Electronika 302 Recorder - by Daniel Gallegos

Zombie trade agreements: According to some documents acquired by the organization European Digital Rights (EDRi), it appears the G8 has decided to do a Dr. Frankenstein impression and reanimate some of the most thoughtless portions of ACTA’s Internet provisions. This latest instantiation of the ACTA agreement wants control over intellectual property, technology devices, network infrastructure, and YOUR BRAINS.

An awesome experiment on awards (published in PLoS ONE) by Michael Restivo and Arnout van de Rijt – both in the Sociology department at SUNY Stony Brook – shows that receiving an informal award (a barnstar) from a peer may have a positive effect on highly active Wikipedians’ contributions. The paper is only three pages long, but if you want to you can also read the Science Daily coverage of it.

Mako’s extensive account of his workflow tools is finally up on Uses This. The post is remarkable for many reasons. First of all, Mako puts more care and thought into his technology than anybody I know, so it’s great to see the logic behind his setup explained more or less in full. Secondly, I found it extra remarkable because I have been collaborating (and even living!) closely with Mako for a while now and I still learned a ton from reading the post. My favorite detail is unquestionably the bit about his typing eliciting a noise complaint while he was in college. As a rather loud typist myself, I have been subject to snark and snubbery from various quarters over the years, but I’ve never had anybody call the cops on me!

The Soviet Union lives on! But maybe not quite where you’d expect it. My friends and former Oakland neighbors Daniel Gallegos and Zhanara Nauruzbayeva have recently moved themselves and their incredible Artpologist project to New York. Upon arrival, they found themselves surrounded by a post soviet reality that most New Yorkers or Americans simply do not know exists at all, much less in the epicenter of finance capital. Their latest project, My American New York, chronicles this “post soviet America” through photos, stories, Daniel’s beautiful sketches, drawings, and paintings (e.g. the image at the top of this post), all wrapped up in a series of urban travelogues.

Philosophy Quantified: Kieran Healy has done a series of elegant and thoughtful guest posts on Leiter Reports in which he explores data from the 2004 and 2006 Philosophical Gourmet Report (PGR) surveys in an effort to generate some preliminary insights about the relationships between department status and areas of specialization.

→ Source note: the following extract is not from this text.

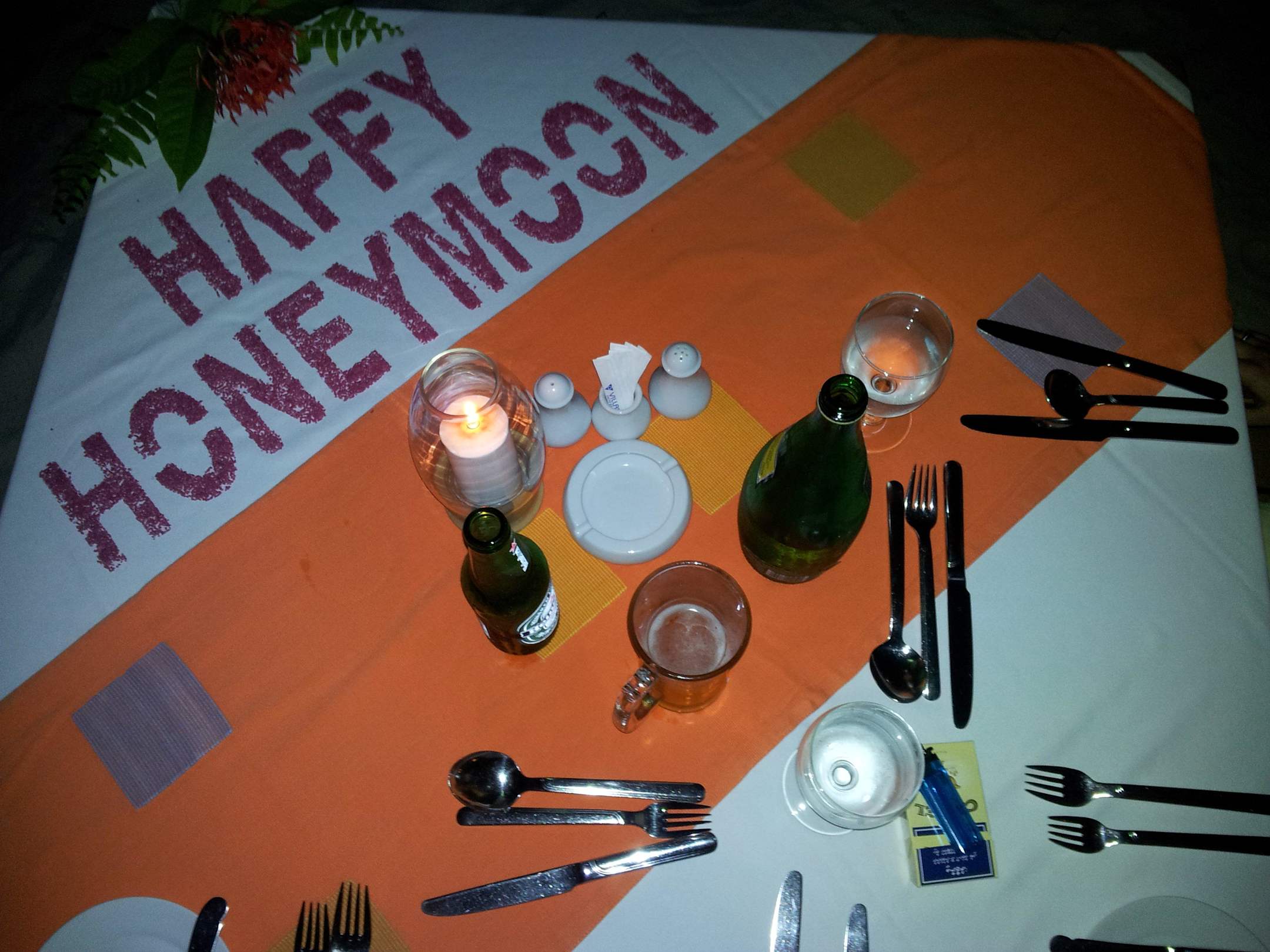 Tischdeko für HoneymoonerWir durften als Honeymooner einen Abend kostenlos im a la Carte Restaurant speisen. 4-Gänge Menue.

As the Republican presidential candidates continue to duke it out in contentious primary elections around the country, I’ve started to notice the increasingly public signs that the Obama campaign is gearing up for battle. Not surprisingly, I tend to focus on the Obama re-election team’s uses of digital technologies, where a number of shifts may result in important changes for both the voter-facing and internal components of the Obama For America’s (OFA) digital operations. I started writing this post with the intent of reviewing some of the recent news coverage of the campaign, but it turned into a bit more of a long-form reflection about the relationship between the campaign’s approach to digital tools might mean for democracy.

OFA 2.0: Bigger, Faster, & Stronger (Data)

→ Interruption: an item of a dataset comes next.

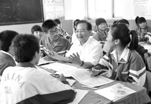 9月10日,中共中央政治局常委、国务院总理温家宝来到河北省兴隆县六道河中学,看望广大师生,并与中小学教师和北京师范大学免费师范生代表座谈。他向广大教师和教育工作者致以节日的祝贺。 这是温家宝与九年级2班同学一起上语文课外阅读课。 新华社发

A fair amount of media coverage has suggested that the major technology-driven innovations within OFA and the Democratic party this election cycle are likely to consist of refined collection and analysis collection of vast troves of voter data as opposed to highly visible social media tools (such as My.BarackObama.com) that made headlines in 2008.

As Daniel Kreiss & Phil Howard  elaborated a few years ago, database centralization and integration became core strategic initiatives for the Democratic National Committee after the 2000 election and the Obama campaign in 2008. These efforts have been expanded in big ways during the build-up to the current campaign cycle.

According to the bulk of the (often quite breathless) reporting on the semi-secretive activities of the 2012 Obama campaign, the biggest and newest initiatives represent novel applications of the big data repositories gathered by the campaign and its allies in previous years. These include the imaginatively named “Project Narwhal” aimed at correlating diverse dimensions of citizens’ behavior with their voting, donation, and volunteering records. There is also “Project Dreamcatcher,” an attempt to harness large-scale text analytics to facilitate micro-targeted voter outreach and engagement.

For a vivid example of what these projects mean (especially if you’re on any of the Obama campaign email lists), check out ProPublica’s recent coverage comparing the text of different versions of the same fundraising email distributed by the campaign two weeks ago (the narrative is here and the actual data and analysis are here).

(Side note: in general, Sasha Issenberg’s coverage of these and related aspects of the campaigns for Slate is great.)

What’s Next: “Gamified” and Quasi-open Campaign App Development

As the Republicans sort out who will face Obama in November, OFA will, of course, roll-out more social media content and tools. In this regard, last week’s release of heavily hyped “The Road We’ve Traveled” on YouTube was only the beginning of the campaign’s more public-facing phase.

The polished, professional video suggests that OFA will build on all of the social media presence and experience they built during and the last cycle as well as over the intervening years of Obama’s administration.

Less visible and less certain are whether any truly new social media tools or techniques will emerge from the campaign or its allies.  Here, there are two recent initiatives that I think we might be talking about more over the course of the next six months.

The first of these started late last year, when OFA experimented with a relatively unpublicized initiative called “G.O.P. Debate Watch.”  Aptly characterized by Jonathan Easley in The Hill as a “drinking game style fundraiser” the idea was that donors committed to give money for every time that a Republican candidate uttered particular, politicized keywords identified ahead of time (e.g. “Obamacare” or “Socialist”).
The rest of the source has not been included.